This matters concretely when programs get large. The failure modes that plague long-running services — "the async runtime was spun up after my logger was configured, so logs from request 47 went to the void"; "a panic in a worker thread took down the supervisor that would have restarted it"; "a context set in a spawned task leaked after the task panicked" — disappear when the four concerns share one structure whose lifecycle is the task's lifecycle. A panic in Verum runs the task's defers, restores the parent_snapshot of the capability pillar, and forwards to the supervisor — all using a single unwinder pass over the same environment, not four separate cleanup protocols.

The runtime ships in five profiles: full for servers, single_thread for WASM and single-core targets, no_async for blocking CLIs, no_heap for real-time and safety-critical code, and embedded for microcontrollers. A program that requests more than its profile supports is a compile error, not a runtime failure. The same language, the same ExecutionEnv type, and the same source files — with different executor, allocator, and I/O-driver implementations chosen at link time.

9. Errors as values, supervision as a language feature

Verum has no exceptions in the unwinding sense. It has three mechanisms that compose:

Result<T, E> and throws E. Errors travel as values. The throws E clause on a function signature is a type-level declaration that the function may fail with errors of type E; the ? operator propagates. Nothing here is new — the surprise is how far the type system carries it. An E that is a union of several specific error shapes can be narrowed at the catch site; a refinement type on an error payload is a type; @verify(formal) can prove a function whose signature is -> Result<T, E> always returns Ok on a given subset of inputs.

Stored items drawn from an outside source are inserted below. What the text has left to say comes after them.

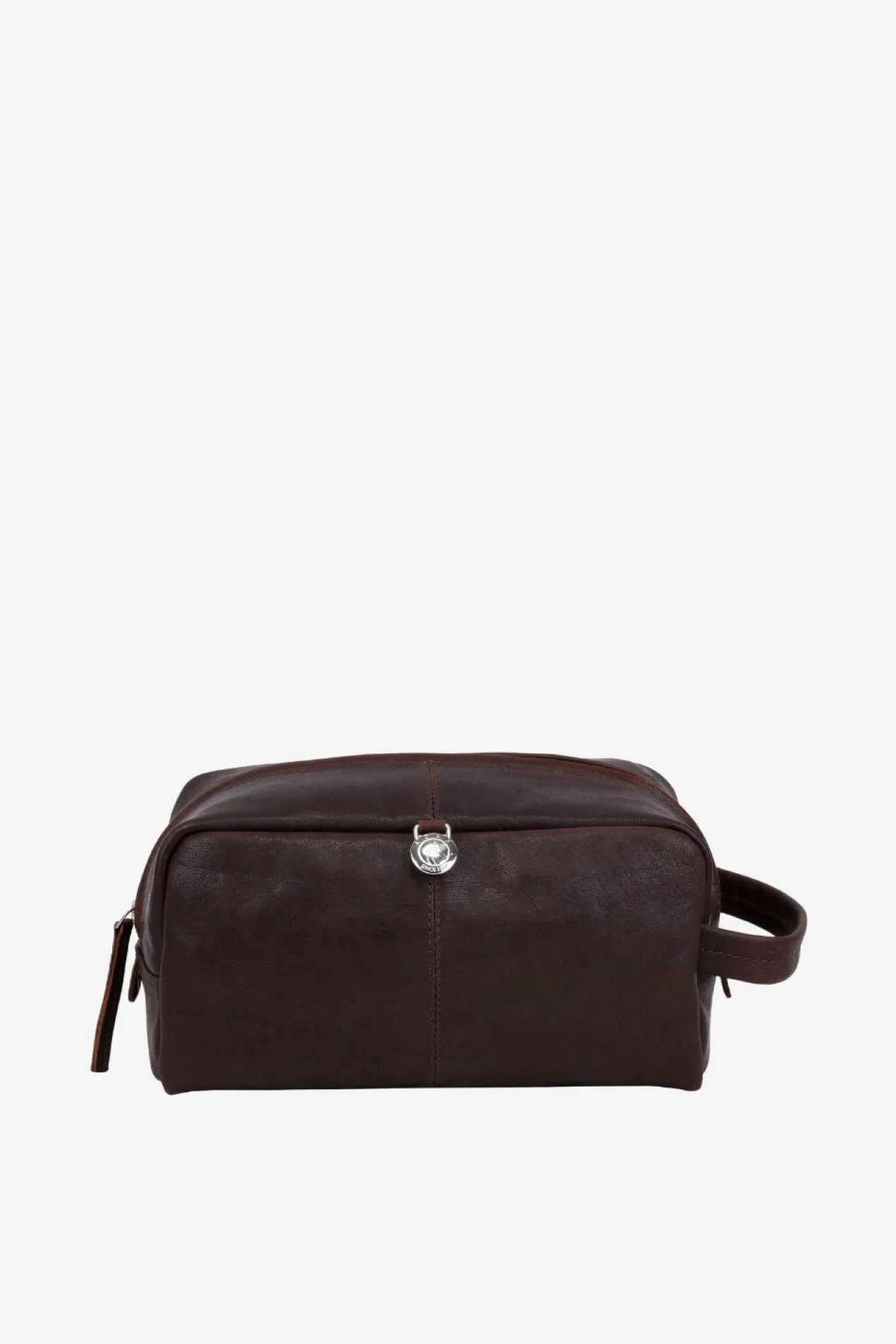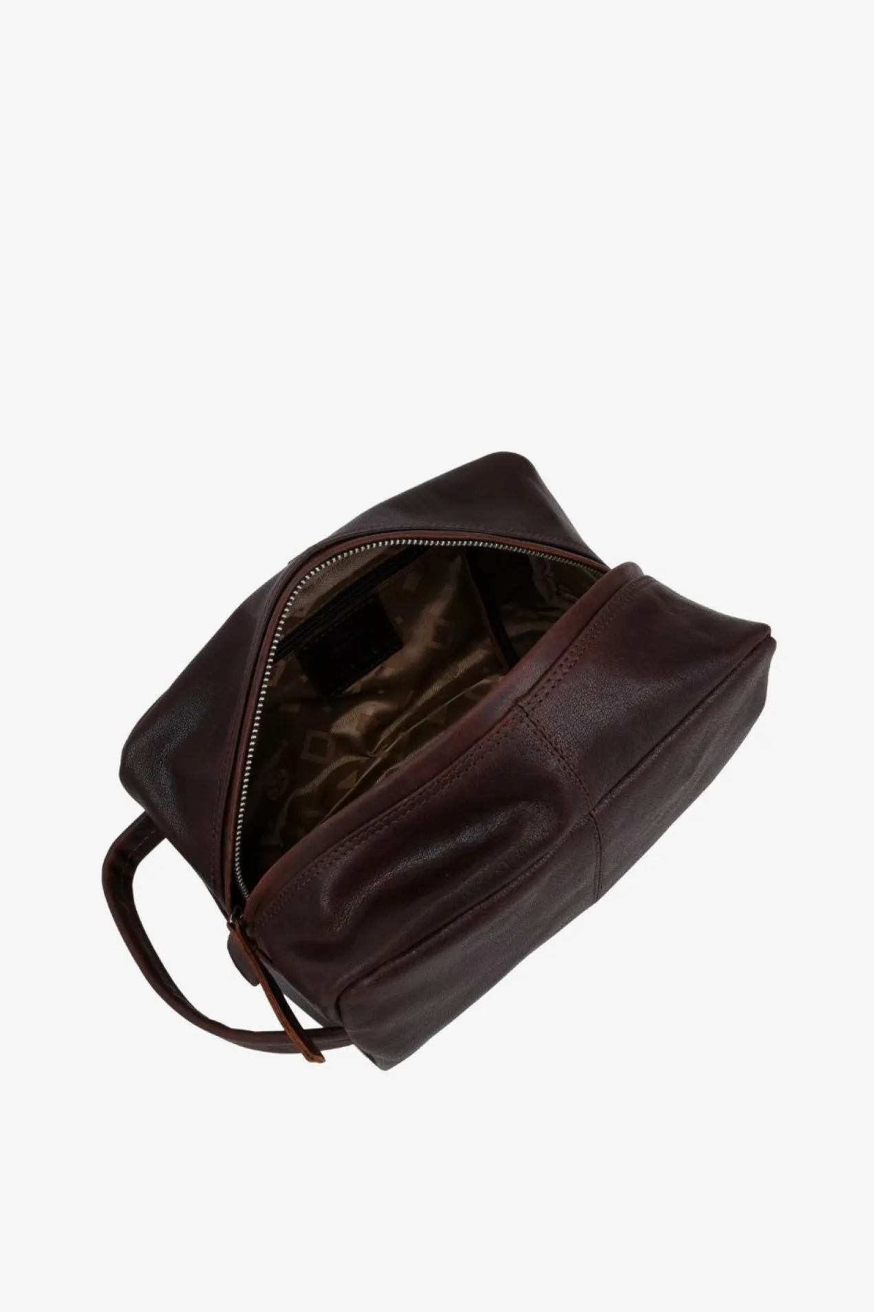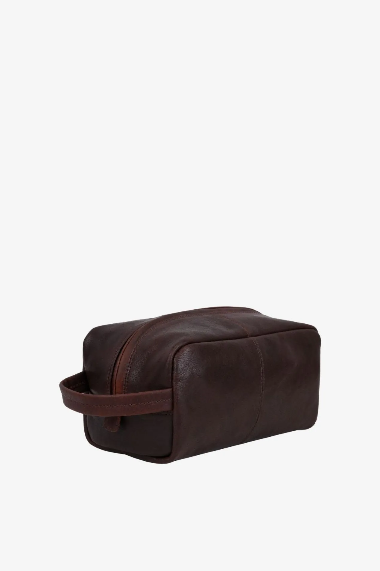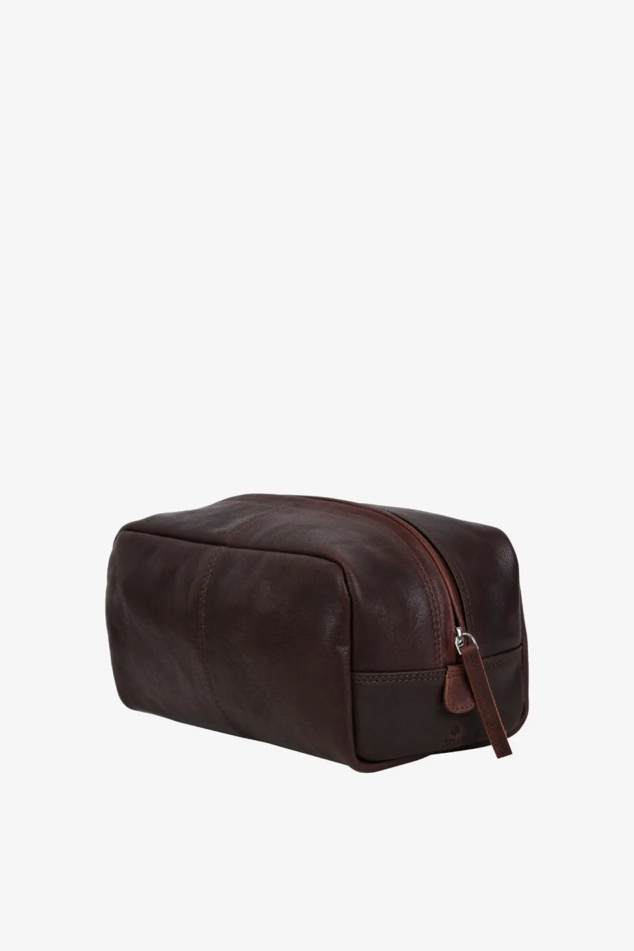 Harry wash bag in Catania leather from Adax. The wash bag is spacious with a wide opening. Inside, a large, lined compartment with a small, zipped pocket for small items. There is a practical carrying handle on the outside.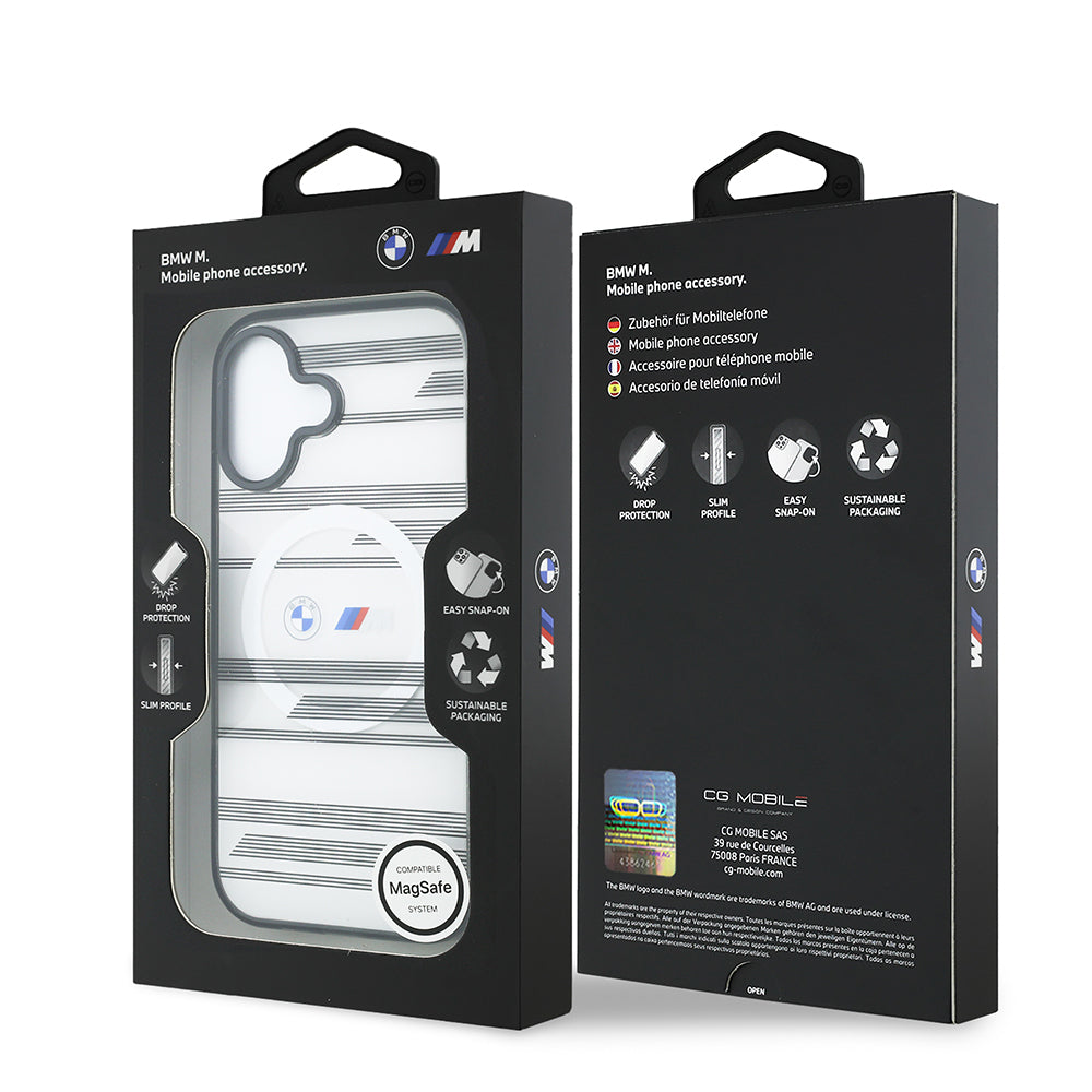 iPhone 17 Kılıf BMW Orjinal Lisanslı M-safe Şarj Özellikli Metal Kamera Butonlu Yatay Şeritli M Dizayn Kapak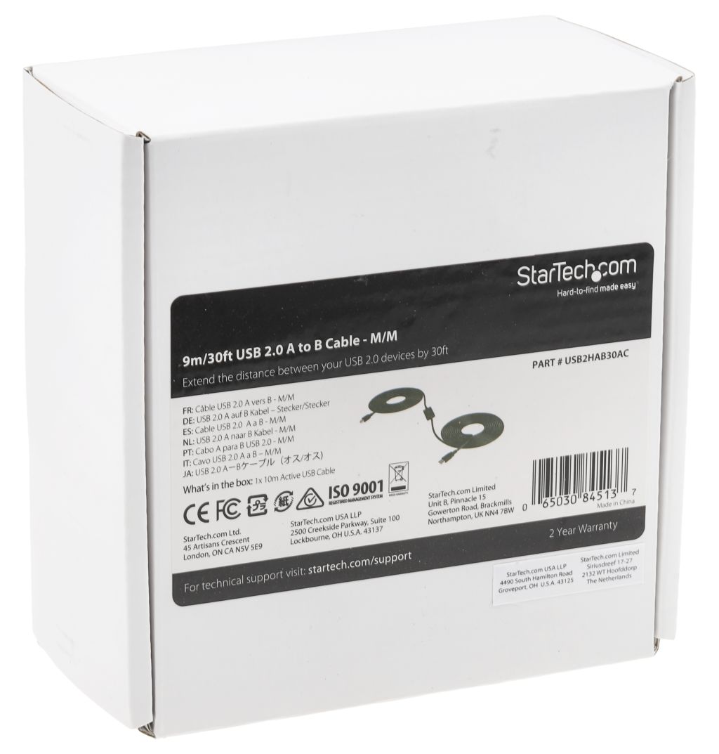 | Product description | StarTech.com Male USB A to Male USB B Cable, USB 2.0, 9m |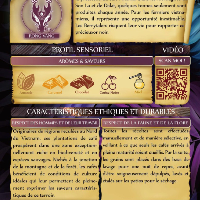 Originaires de régions reculées au Nord du Vietnam, ces plantations de café prospèrent dans une zone exceptionnellement riche en biodiversité et en espèces sauvages. Nichés à la jonction de la montagne et de la forêt, les cafés bénéficient de conditions de culture idéales qui leur permettent de pleinement exprimer les saveurs caractéristiques de ce terroir.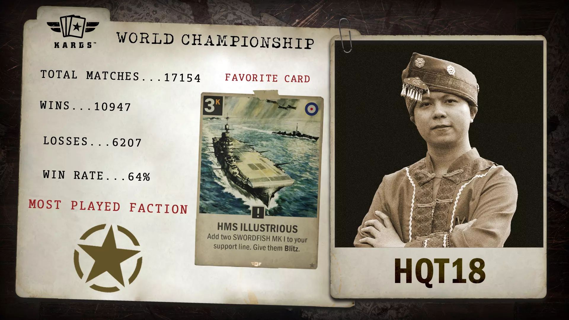 hqt18通过“铁血”扩展锦标赛获得参赛资格,展现出了顶尖指挥官应有的稳定表现。其参赛场次超17,000场,胜率63.8%,为世界锦标赛舞台带来了丰富的实战经验。 胜/负场:10,947 / 6,207 胜率:63.8% 最常使用国家:美国 最少使用国家:苏联 总场次:17,154 开始游玩时间:2022年12月 晋级方式:“铁血”锦标赛 259 - “铁血”扩展锦标赛
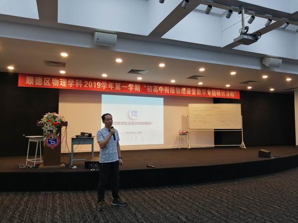 9月18日,順德區物理學科“初高中銜接物理課堂教學專題研討活動”在廣東順德德勝學校順利開展,參加活動的人員有佛山市教研室物理教研員朱建平教授、順德區教育發展中心教研室任富華副主任、100多位初高中物理教師?;顒佑身樀聟^物理教研員周璐老師主持。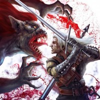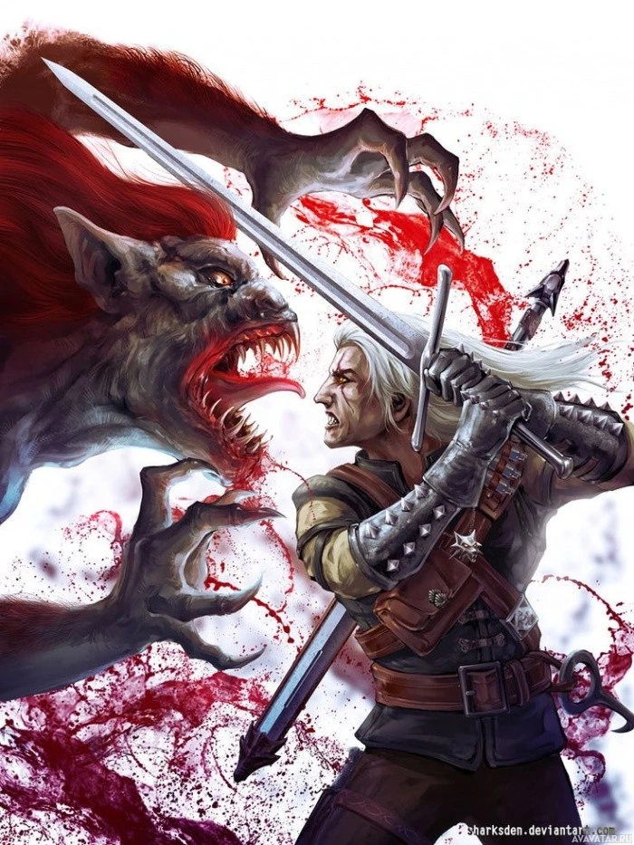 video game series, specifically Geralt. He is shown in battle with a monster that appears to be a werewolf, characterized by its sharp teeth and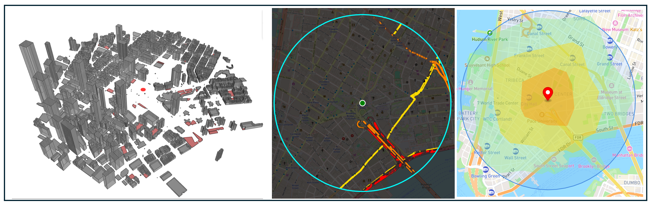 National Transit Atlas maps of the area around the Brooklyn Bridge/City Hall station showing building density, existing highways and arterial roads, and walksheds.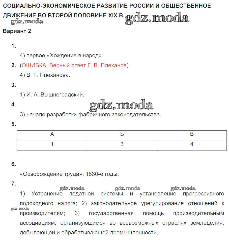 ГДЗ решение к заданию № 2 История России 9 класс тематический контроль Артасов И.А. Национальное образование 2019 ФГОС бесплатно на гдз.мода!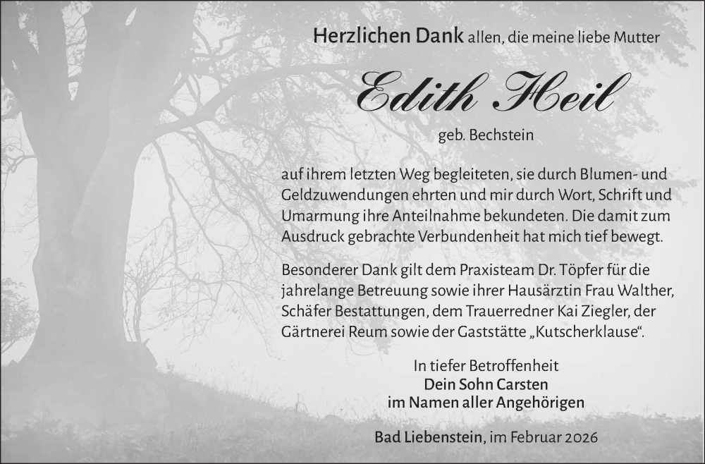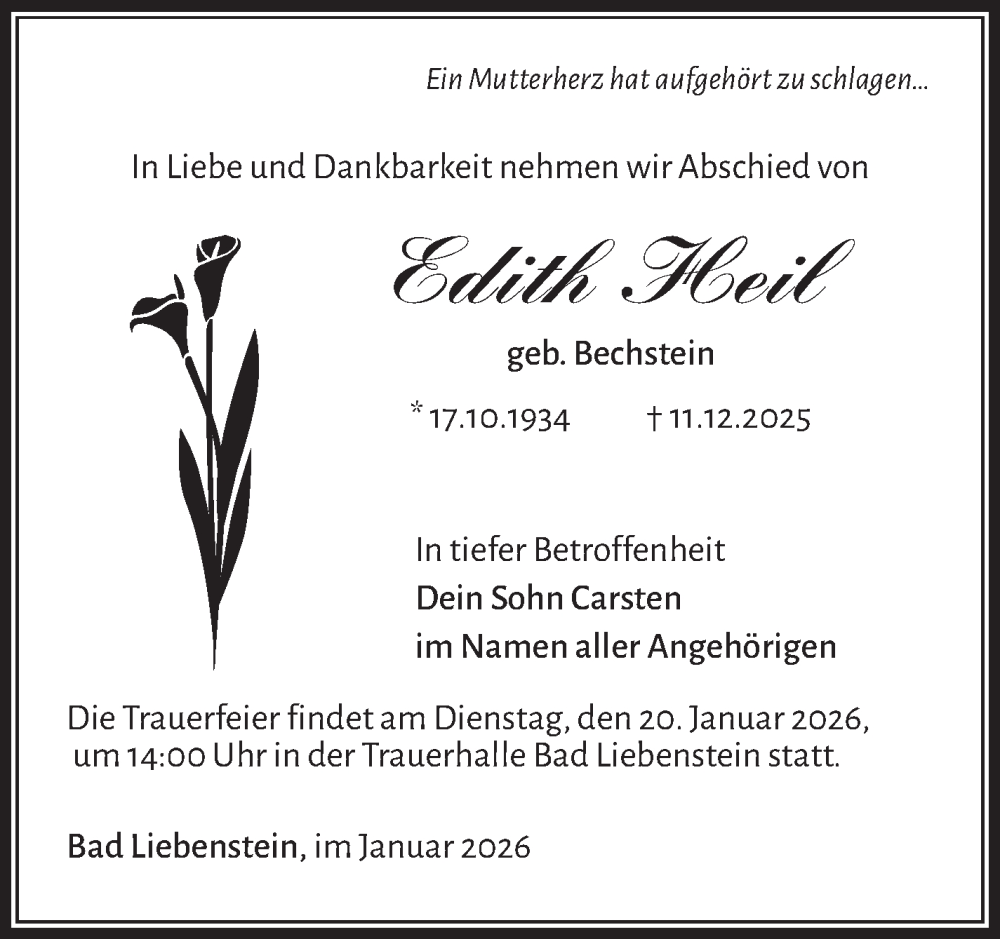 Hier finden Sie alle Traueranzeigen aus der Zeitung, die bisher für Edith Heil erschienen sind. Weitere Traueranzeigen, die in der Zeitung erscheinen, werden hier ebenfalls aufgelistet

defer and errdefer. RAII cleanup without destructors. defer { cleanup(); } pushes a handler onto the task's RecoveryContext.defer_stack; when control leaves the scope — by return, by ?-propagation, or by panic — the handler runs. errdefer { rollback(); } runs only on the error path. The stack is LIFO; combined with refinement types, this replaces a large class of "we forgot to release the lock in error path 17" bugs.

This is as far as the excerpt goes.